-- EXERCISE REQUIREMENTS --
An exact copy of the data is needed, one that excludes all pictures.

-- DATA BLOCK --
§ §
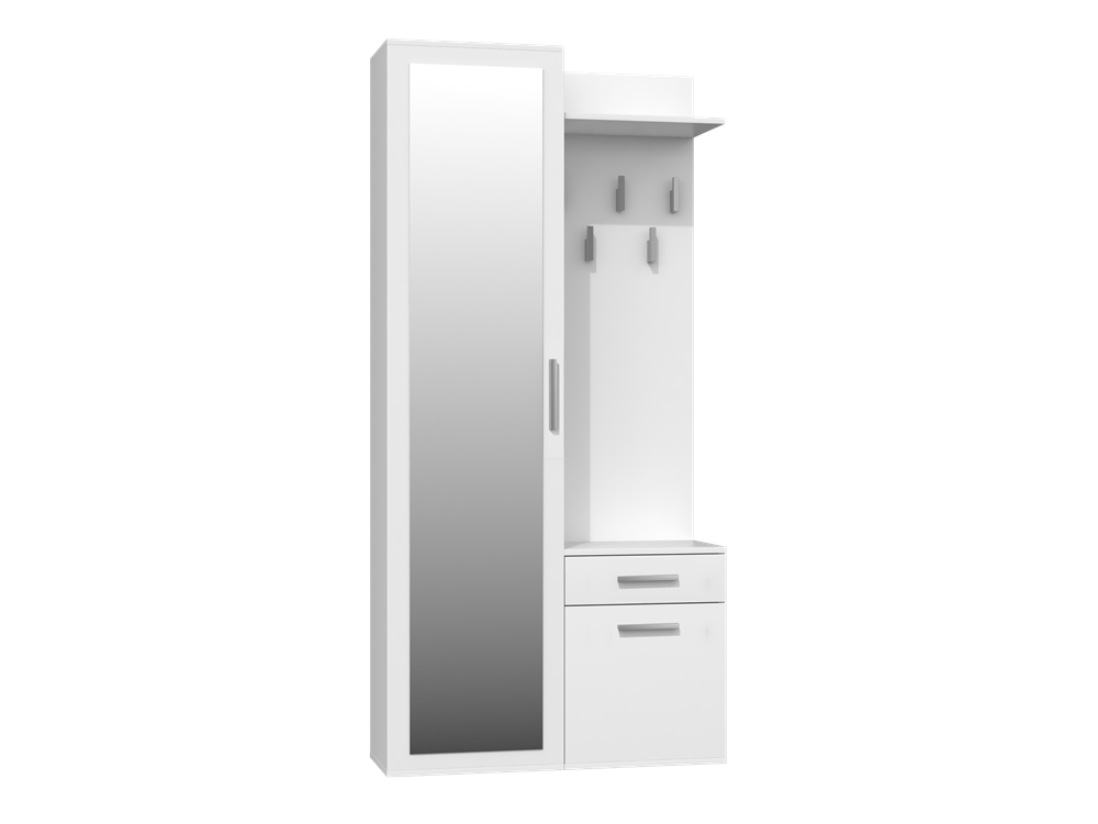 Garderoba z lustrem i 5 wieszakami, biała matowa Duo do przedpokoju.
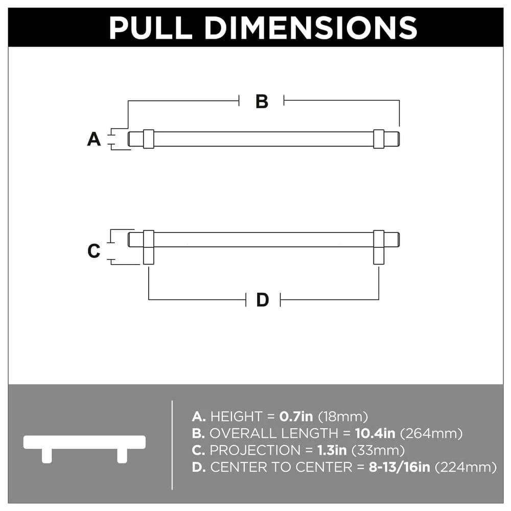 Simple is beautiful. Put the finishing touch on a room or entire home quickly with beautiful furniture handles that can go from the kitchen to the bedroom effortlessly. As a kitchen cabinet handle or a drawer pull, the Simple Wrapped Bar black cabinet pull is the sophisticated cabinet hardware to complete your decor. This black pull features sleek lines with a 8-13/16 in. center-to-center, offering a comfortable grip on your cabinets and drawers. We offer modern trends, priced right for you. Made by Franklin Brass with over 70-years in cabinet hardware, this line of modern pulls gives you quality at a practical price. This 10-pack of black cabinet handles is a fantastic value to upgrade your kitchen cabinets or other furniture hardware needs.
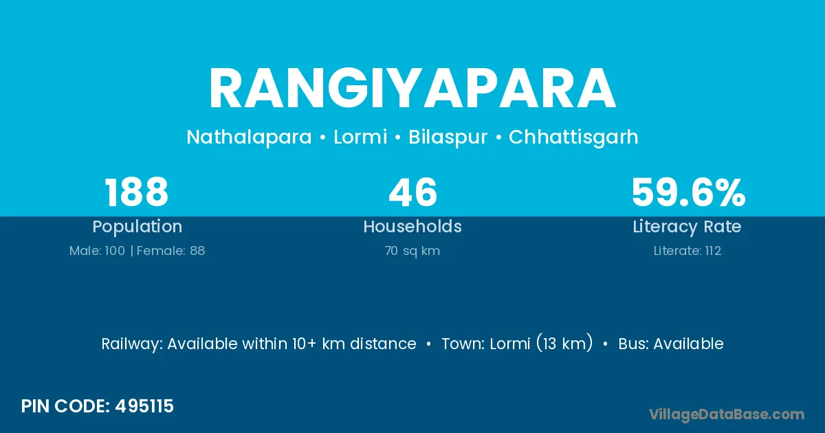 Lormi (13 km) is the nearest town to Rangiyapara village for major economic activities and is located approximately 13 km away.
§ §
-- WRITTEN RESPONSE --
 Garderoba z lustrem i 5 wieszakami, biała matowa Duo do przedpokoju.
 Simple is beautiful. Put the finishing touch on a room or entire home quickly with beautiful furniture handles that can go from the kitchen to the bedroom effortlessly. As a kitchen cabinet handle or a drawer pull, the Simple Wrapped Bar black cabinet pull is the sophisticated cabinet hardware to complete your decor. This black pull features sleek lines with a 8-13/16 in. center-to-center, offering a comfortable grip on your cabinets and drawers. We offer modern trends, priced right for you. Made by Franklin Brass with over 70-years in cabinet hardware, this line of modern pulls gives you quality at a practical price. This 10-pack of black cabinet handles is a fantastic value to upgrade your kitchen cabinets or other furniture hardware needs.
 Lormi (13 km) is the nearest town to Rangiyapara village for major economic activities and is located approximately 13 km away.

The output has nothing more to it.